To be able to run and compile NADEEF user needs to have the following software installed.

Compile

The build script is in the root folder named +build.xml+, to do a full compile user can use the command

    ant all

There are also other commands available and user can find the details in the +build.xml+ file.

Configuration

The configuration is NADEEF is based on the configuration file +nadeef.conf+. A sample of configuration file is shown below

{
    "database" : {
        "url" : "localhost/unittest",
        "username" : "tester",
        "password" : "tester",
        "type" : "postgres"
    },
    
    "general" : {
    	"maxIterationNumber" : 5
    },

    "ruleext" : {
        "fd" : "qa.qcri.nadeef.ruleext.FDRuleBuilder",
        "cfd" : "qa.qcri.nadeef.ruleext.CFDRuleBuilder"
    }
}

The configuration file tells the following information of your NADEEF system.

  • database: The place where NADEEF metadata is stored (e.g. violation).

    • url: dataabse url
    • username: user name
    • password: password
    • type: the type of the database, e.g.

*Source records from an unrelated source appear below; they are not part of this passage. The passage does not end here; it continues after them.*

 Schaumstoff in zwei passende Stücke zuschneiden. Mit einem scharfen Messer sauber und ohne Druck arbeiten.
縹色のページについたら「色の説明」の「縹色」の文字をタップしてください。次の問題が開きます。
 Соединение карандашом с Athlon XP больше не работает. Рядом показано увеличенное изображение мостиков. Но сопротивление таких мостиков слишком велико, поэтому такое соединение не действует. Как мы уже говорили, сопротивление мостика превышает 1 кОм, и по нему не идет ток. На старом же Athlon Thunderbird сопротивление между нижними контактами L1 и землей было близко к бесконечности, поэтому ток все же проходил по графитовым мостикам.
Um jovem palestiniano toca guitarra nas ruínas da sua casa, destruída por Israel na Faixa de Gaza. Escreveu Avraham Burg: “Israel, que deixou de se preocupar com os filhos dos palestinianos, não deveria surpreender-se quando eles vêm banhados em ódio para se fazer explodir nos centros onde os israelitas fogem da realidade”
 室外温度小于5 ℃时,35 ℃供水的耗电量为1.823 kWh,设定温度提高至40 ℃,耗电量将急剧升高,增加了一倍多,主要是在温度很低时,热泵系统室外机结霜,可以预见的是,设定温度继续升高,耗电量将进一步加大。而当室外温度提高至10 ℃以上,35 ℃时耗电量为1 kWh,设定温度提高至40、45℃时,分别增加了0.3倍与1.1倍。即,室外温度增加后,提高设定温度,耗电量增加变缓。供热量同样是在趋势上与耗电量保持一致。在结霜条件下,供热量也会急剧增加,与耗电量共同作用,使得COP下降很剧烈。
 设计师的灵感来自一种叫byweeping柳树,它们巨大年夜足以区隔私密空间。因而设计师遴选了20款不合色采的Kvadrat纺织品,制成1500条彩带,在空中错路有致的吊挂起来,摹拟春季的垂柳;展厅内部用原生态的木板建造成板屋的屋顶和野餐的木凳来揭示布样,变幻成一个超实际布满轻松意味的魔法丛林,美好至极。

Postgres (currently only Postgres is supported).
  • general

    • maxIterationNumber: set the maximum detection iteration number.
  • ruleext

    • fd: plugin for FD rule implementation.
    • cfd: plugin for CFD rule implementation.

Start NADEEF

Start NADEEF console

Once NADEEF is compiled user can start NADEEF console via command +nadeef.sh+ (on Windows it is +nadeef.bat+). A successful start of NADEEF console is shown as below

   _  __        __        _____
  / |/ /__ ____/ /__ ___ /   _/
 /    / _ `/ _  / -_) -_)   _/
/_/|_/\_,_/\_,_/\__/\__/ __/
Data Cleaning solution (Build null, using Java 1.7.0_07).
Copyright (C) Qatar Computing Research Institute, 2013 (http://da.qcri.org).

Type 'help' to see what commands we have.

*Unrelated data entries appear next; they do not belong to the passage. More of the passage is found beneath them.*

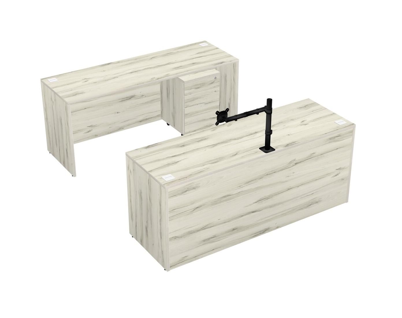 Office Parallel Desk Credenza Desk + Wooden Mobile Drawers + Monitor Arm (single Arm)
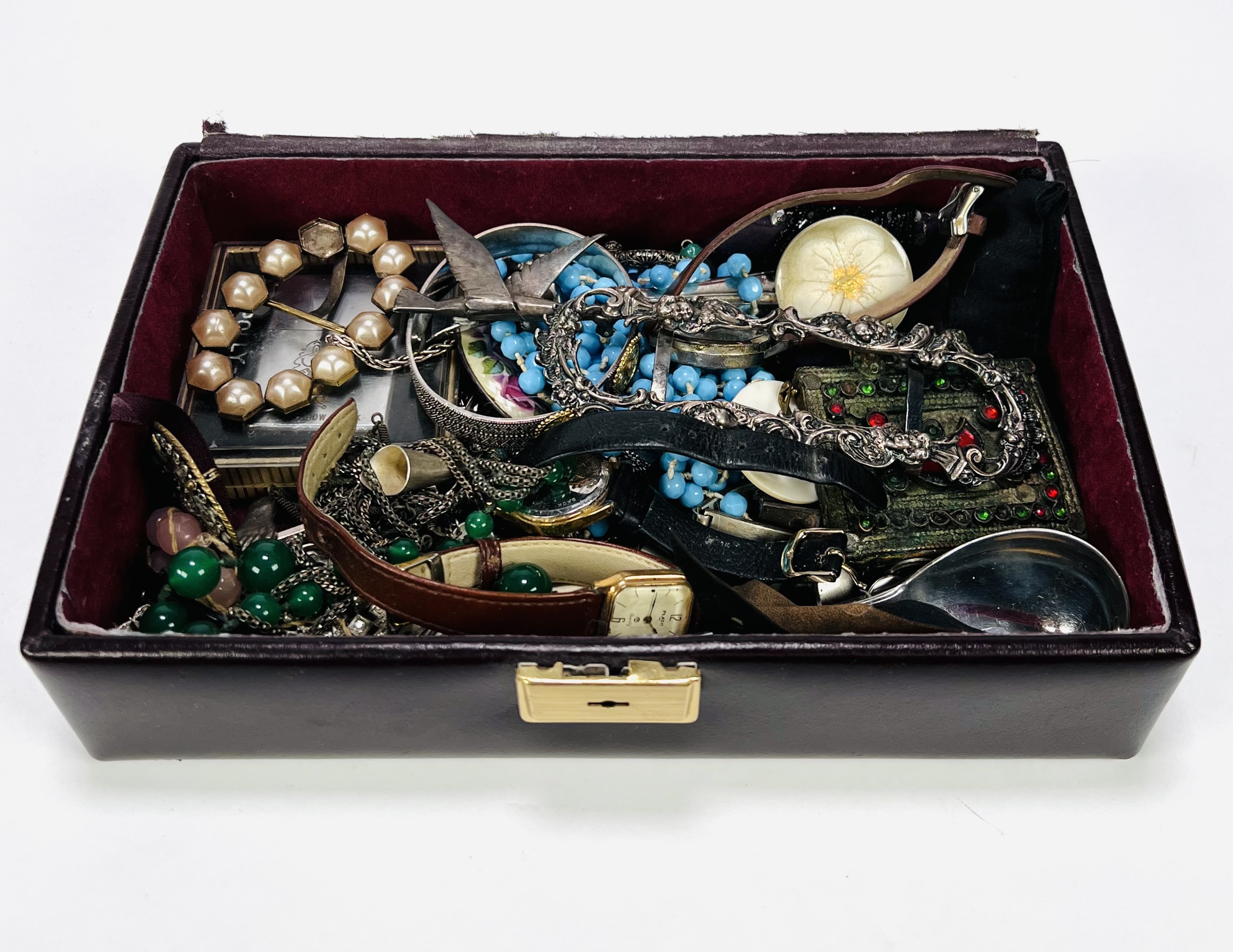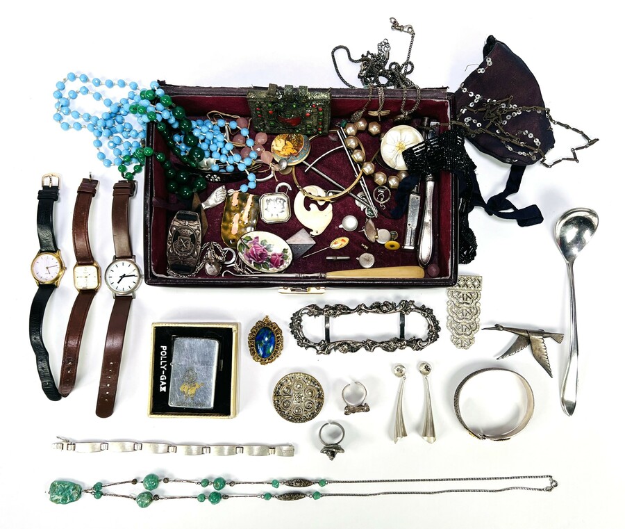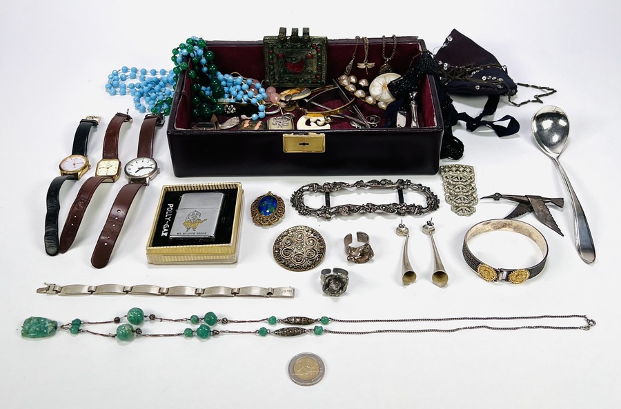 Convoluut sieraden met onder meer broches, halskettingen, ringen, hangers, armbanden, polshorloges, Zippo aansteker en gespen. |
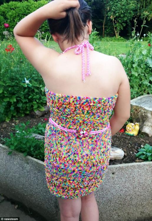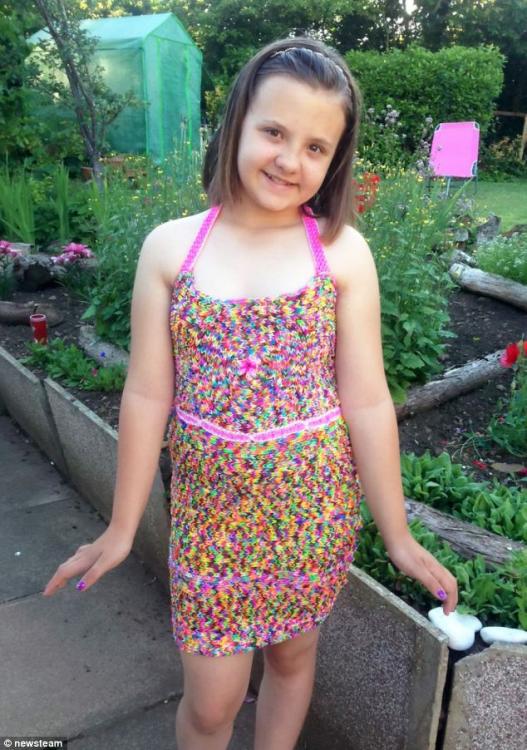 据报道,这条五彩裙是小女孩花费7天时间手工制作完成。衣服的材料是平时小女孩们最喜欢的编织手镯的塑料线,一般情况下女孩们只用来编手镯,但阿尔盖尔却编出了一件裙子。
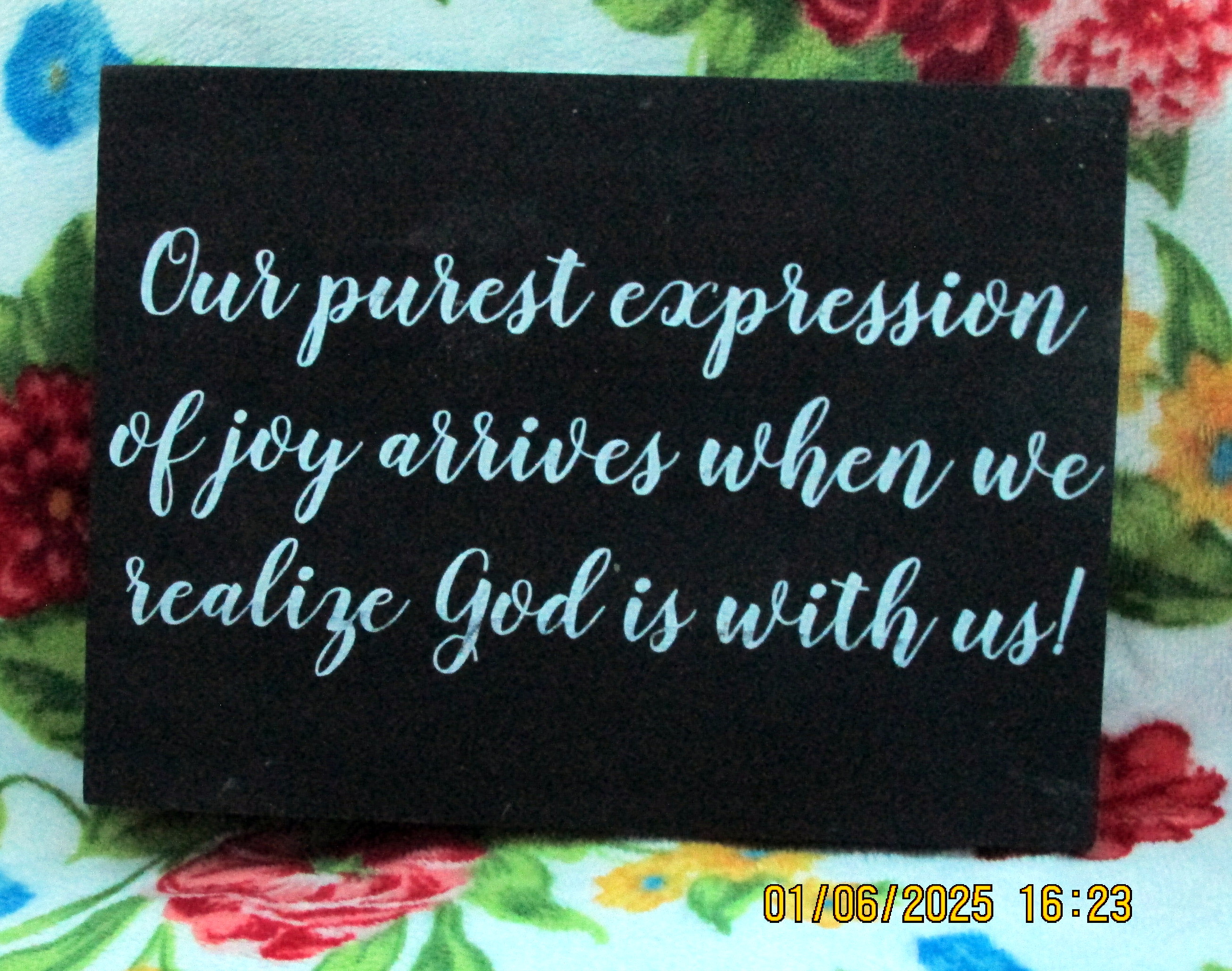 The chair—and the lamp—and later, my air-matress bed will be donated. I’m paying for the “swapped” chair, lamp, and twin bed. (Perhaps I’ll get a better night’s sleep?) The “purest expression” plaque is from the resident’s room and joins my “risk more” plaque from an earlier Thrift Store purchase.

Your NADEEF started in 1004 ms.
:>

NADEEF console is the interactive console where user can start NADEEF data cleaning rules. Type 'help' in the console to list all the available commands as below:

:> help
 |Nadeef console usage:
 |----------------------------------
 |help : Print out this help information.
 |
 |load <input CleanPlan file> :
 |    load a NADEEF clean plan.
 |
 |detect [rule id] :
 |    start the violation detection with a given rule id number.
 |
 |list :
 |    list available rules.
 |
 |repair [rule id] :
 |    repair the data source with a given rule id number.
 |
 |run [rule id]:
 |    run both detect and clean with a given rule id number.
 |
 |schema [table name]:
 |    list the table schema from the data source.
 |
 |fd [table name] [fd rule value]:
 |    create FD rule with specified table name on the source data.
 |
 |exit :
 |    exit the console.

:>

What is CleanPlan?

NADEEF is driven by CleanPlan. CleanPlan is a JSON file which contains information of which data to be cleaned and which rule to be used.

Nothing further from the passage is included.